Hay seres que parecen inmortales. Inmoribles. Uno de ellos, sin duda alguna, es Ambrosio Fornet. Pocho, siempre tan querido, siempre dulce, siempre sabio y complaciente, es una criatura imposible de olvidar. La frase, atribuida a Senel, “no hay cuentos malos desde que existe Ambrosio Fornet”, más allá de la gracia que genera, demuestra varias cosas: la facilidad con la cual nos acercábamos a Pocho quienes pretendíamos comenzar a escribir, y la certeza de que ese hombre erudito nos iba a atender, nos escucharía, leería nuestros textos y nos ofrecería los mejores consejos del mundo. Así era de inmensa su generosidad, y así nos acompaña su sapiencia, su sonrisa, su modo discreto de vivir. El dolor de su partida es francamente enorme.

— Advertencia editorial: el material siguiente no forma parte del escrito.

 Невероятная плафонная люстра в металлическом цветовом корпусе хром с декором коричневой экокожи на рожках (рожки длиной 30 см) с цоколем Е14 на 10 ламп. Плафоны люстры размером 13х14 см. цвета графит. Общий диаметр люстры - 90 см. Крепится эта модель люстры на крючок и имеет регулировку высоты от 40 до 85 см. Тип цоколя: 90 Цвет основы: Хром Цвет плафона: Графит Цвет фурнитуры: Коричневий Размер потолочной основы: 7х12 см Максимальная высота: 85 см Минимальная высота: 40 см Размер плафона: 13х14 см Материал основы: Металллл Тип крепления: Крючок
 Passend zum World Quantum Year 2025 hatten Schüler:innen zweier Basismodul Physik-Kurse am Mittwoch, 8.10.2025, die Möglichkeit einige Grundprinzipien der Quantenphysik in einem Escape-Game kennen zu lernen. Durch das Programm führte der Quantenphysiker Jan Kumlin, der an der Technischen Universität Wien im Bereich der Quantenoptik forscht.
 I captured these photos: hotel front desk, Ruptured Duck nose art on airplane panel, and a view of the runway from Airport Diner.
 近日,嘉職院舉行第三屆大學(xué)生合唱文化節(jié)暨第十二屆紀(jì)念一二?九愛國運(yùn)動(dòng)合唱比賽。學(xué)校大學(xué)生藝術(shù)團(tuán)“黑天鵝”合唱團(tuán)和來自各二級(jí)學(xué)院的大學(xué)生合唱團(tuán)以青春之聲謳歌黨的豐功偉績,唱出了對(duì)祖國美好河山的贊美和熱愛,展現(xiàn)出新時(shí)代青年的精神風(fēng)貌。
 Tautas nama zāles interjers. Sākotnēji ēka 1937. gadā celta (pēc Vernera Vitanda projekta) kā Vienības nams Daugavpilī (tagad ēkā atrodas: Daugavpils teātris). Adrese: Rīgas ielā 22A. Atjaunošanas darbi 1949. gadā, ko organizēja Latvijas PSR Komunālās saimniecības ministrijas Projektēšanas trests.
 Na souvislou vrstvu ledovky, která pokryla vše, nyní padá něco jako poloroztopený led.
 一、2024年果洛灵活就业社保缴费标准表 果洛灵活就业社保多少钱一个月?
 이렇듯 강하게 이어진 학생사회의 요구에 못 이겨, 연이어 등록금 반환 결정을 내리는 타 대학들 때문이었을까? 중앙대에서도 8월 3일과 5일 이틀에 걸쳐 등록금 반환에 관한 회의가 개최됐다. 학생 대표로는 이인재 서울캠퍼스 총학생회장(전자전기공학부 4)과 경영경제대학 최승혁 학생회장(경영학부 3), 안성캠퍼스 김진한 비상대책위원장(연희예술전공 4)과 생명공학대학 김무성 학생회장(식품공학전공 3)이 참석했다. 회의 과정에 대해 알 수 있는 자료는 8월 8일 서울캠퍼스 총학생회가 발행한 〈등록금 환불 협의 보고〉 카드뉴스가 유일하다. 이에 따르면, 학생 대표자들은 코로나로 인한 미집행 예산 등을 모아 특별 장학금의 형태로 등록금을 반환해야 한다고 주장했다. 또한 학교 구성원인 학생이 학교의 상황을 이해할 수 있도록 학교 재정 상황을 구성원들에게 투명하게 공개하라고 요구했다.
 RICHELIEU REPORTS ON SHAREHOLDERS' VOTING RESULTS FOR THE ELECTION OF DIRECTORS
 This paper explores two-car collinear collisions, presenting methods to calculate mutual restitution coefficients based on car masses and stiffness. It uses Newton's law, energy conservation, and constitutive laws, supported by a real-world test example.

Aunque pretenda ocultar mis vínculos personales con él, con Silvia, con sus hijos, sobre todo con Jorge (una especie de hijo intelectual de Roberto, a quien confió la dirección de la revista Casa) y con Zaida, sería deshonesta si no dijera que, como casi todo en la vida, les debo a mis padres el inmenso privilegio de haber conocido y amado a Pocho. Silvia y él, presencias constantes en nuestra cotidianidad, fueron y son miembros de la familia imbatible que comparten quienes fundaron la Casa de las Américas y la han llevado adelante como se conduce una fragata. En las tempestades, en la calma, en las batallas y en la paz, Pocho y Silvia, desde cubierta, a cielo abierto, con el sol de frente, han estado siempre, y estarán.

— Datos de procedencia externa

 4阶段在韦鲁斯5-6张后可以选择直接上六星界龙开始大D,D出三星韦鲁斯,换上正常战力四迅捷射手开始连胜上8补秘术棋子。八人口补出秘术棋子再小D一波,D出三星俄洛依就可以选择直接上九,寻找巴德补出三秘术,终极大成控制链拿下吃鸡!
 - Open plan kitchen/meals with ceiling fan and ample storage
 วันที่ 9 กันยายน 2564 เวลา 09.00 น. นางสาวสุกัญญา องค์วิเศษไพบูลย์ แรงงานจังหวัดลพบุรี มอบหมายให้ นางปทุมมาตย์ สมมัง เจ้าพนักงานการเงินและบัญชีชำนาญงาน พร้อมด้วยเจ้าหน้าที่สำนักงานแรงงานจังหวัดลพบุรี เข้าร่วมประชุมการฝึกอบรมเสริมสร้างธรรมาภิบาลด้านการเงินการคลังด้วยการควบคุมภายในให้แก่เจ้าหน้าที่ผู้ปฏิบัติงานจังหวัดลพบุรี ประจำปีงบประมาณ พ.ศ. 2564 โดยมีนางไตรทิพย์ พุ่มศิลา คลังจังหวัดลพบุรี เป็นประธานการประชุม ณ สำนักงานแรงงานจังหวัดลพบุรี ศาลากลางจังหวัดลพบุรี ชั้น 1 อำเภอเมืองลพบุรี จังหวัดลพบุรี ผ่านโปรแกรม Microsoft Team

“Buen viaje a la eternidad, queridísimo nuestro”.
Te despido, Pocho nuestro, agradeciéndote la bondad de tu alma generosa, íntegra, sin más consuelo que el de imaginarte ahora mismo reunido con Adelaida y con Roberto, como solían hacer ustedes: intentando arreglar el universo, mientras reían y lanzaban salvas de porvenir. Buen viaje a la eternidad, queridísimo nuestro.